ただ、そんな妹でも、今になって連絡してくるということは何か理由があるはず。そこで、私は「こっちに一回戻ってきてくれない?」「せめてお墓に手を合わせてよ」と言いました。
すると、妹は「いや、お墓参りはいいかな!」「面倒だし、そういうの興味ないし!」と言ったのです。
「事故のせいで定年前に仕事は辞めちゃったけど、お父さんは会社の重役だったし、かなり稼いでたよね?」「それにもともとうちは裕福で、おじいちゃんたちから相続したアパートや不動産もあったはず」「私に相続する権利はあるんだから、ぶっちゃけどのくらい遺産があるのか教えてくれない?」
あ然として言葉を失った私。妹は遺産のために連絡してきたのです。「私にだって権利があるもん!」と妹。
「お父さん、相当な遺産があるでしょ?」
「お姉ちゃんは生前贈与があっただろうし、遺産は全部私が相続するんだから!」
「ありがとう!」
「は?」
さらに妹は「お父さんの葬儀中に、実家が持っていた土地や不動産の値段を調べておいてよかった!」「めちゃくちゃ高騰してるから、相続したらすぐに売り払ってやるわ」「もう一度言っておくけど、遺産は全部私のもの!いくら頼まれてもお姉ちゃんには分けてあげないから!」と言ってきたのです。
「うん、ひとつもいらないから全部もらってちょうだいな」「残りわずかな貯金も、それ以上の借金もすべてあなたに譲るわ」と言った私。
「は?借金?」と驚く妹に、私はさらに説明しました。両親は事故の後遺症をなんとか治そうと、さまざまな治療法を試していたのです。そのために父は不動産の多くを現金化しました。それでも足りず、最終的には借金をして治療費に充てていたのです。
「もともと私は相続を放棄するつもりだったの」「だから、そんなに遺産がほしいならお好きにどうぞ」
そう言うと、妹は「ふざけないでよ!そんな遺産なら私だって要らないわよ!」「でも本当に他に遺産はないの?不動産とか……少しぐらい残ってないの?」とまだ諦めきれない様子。
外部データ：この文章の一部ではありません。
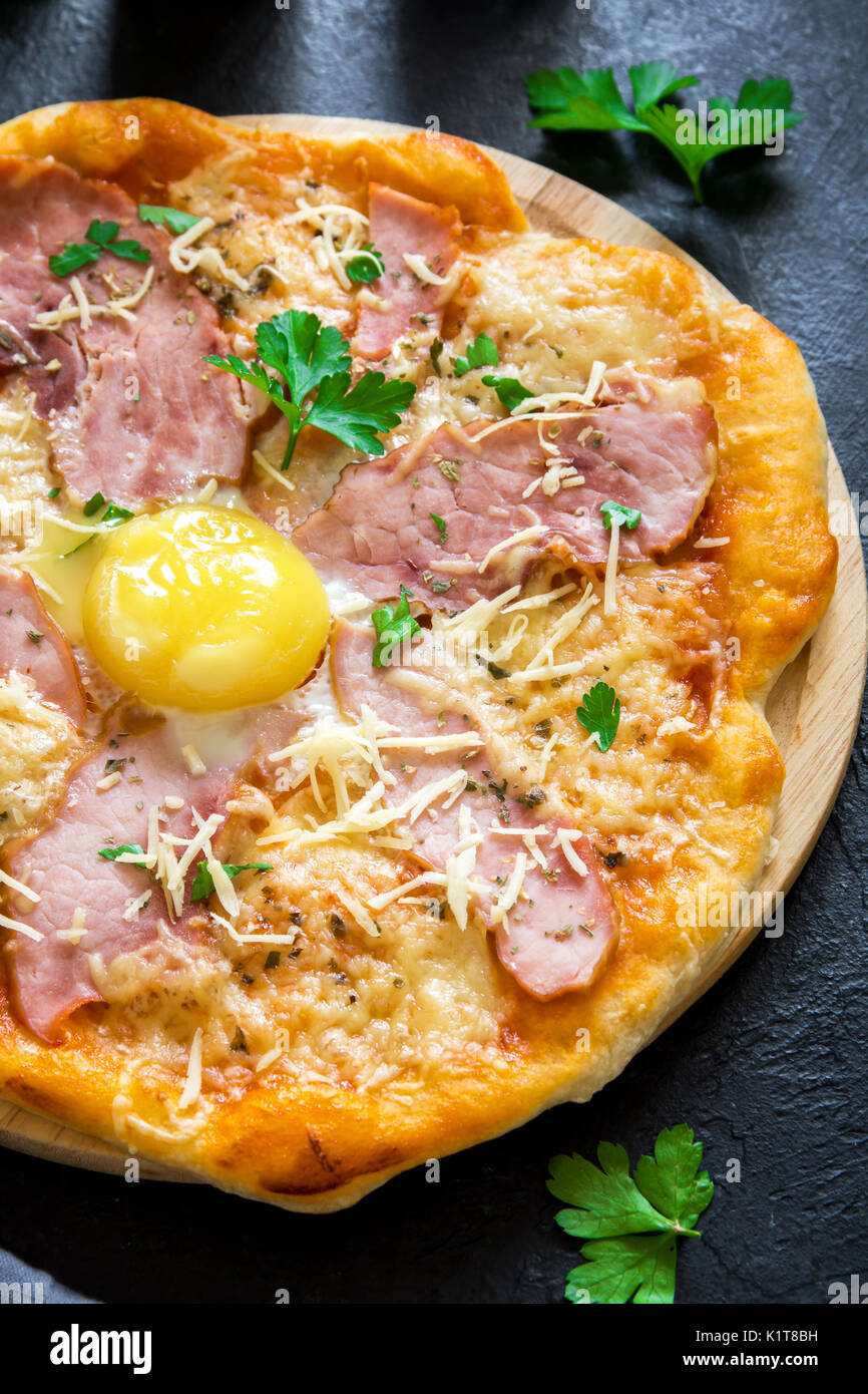 Pizza Carbonara On Black Stone Background Italian Pizza Carbonara Stock Photo Alamy

「気になるなら自分の目で確かめてちょうだい」私はそう告げてやり取りを終えました。
妹が相続したもの
父の葬儀から数カ月たったころ――。
ひとりの時間を満喫していたところに、再び妹から連絡が。
「いきなりお父さんたちの借金関連の書類が私宛に届いたの」「中身を確認したら、私が返済しないといけない感じで」「慌てて問い合わせたら、『遺産を相続しましたよね?』って言われて!もしかして相続放棄って何か手続きが必要なの!?」
私は思わず壁にかけたカレンダーを確認しました。相続放棄までの猶予期間を過ぎていたため、妹は相続放棄できなくなっていたのです。
「なんでこんな大事なことを教えてくれなかったの!」「自分だけ逃げて、私にだけ押し付けるなんてひどいじゃない!」と激怒する妹。私は期限内に相続放棄の手続きを終わらせているのです。しかし、妹は相続放棄に手続きが必要なことを全く理解していなかったようです。
「私は払わないし、責任だって取る必要ないわ」「それに、あなたは実家に侵入して金目のものを持ち出してるじゃない」「相続放棄の手続き前に遺産を処分すると、相続を承認したとみなされるのよ」
友人から「葬儀直後は空き巣が入りやすい」と言われて、実家に防犯カメラを設置していた私。そのカメラの録画には、いろいろと実家から運び出す妹の姿がしっかり映っていたのです。
「そんな……じゃあ、私はどうしたらいいの?」「持ち出したものを返せば、相続放棄できる?」と妹。しかし、そんなことをしても相続した事実は変わりません。もう妹は両親の借金返済をがんばるしかないのです。
その後――。
妹はいろいろなところに相談に行ったようですが、やはり相続放棄はできないようでした。両親の借金を引き継ぐことになった妹は、「私が借りたわけでもないのに、返済なんて誰がするか!」と言って逃げ回っているそうです。
私は防犯カメラの設置を勧めてくれた友人と結婚。父から生前贈与でもらったマンションの一室で、穏やかに2人暮らしを始めました。今までがんばってきた分、しばらくのんびりしようと思います。
【取材時期:2025年1月】
※本記事は、ベビーカレンダーに寄せられた体験談をもとに作成しています。取材対象者の個人が特定されないよう固有名詞などに変更を加えながら構成しています。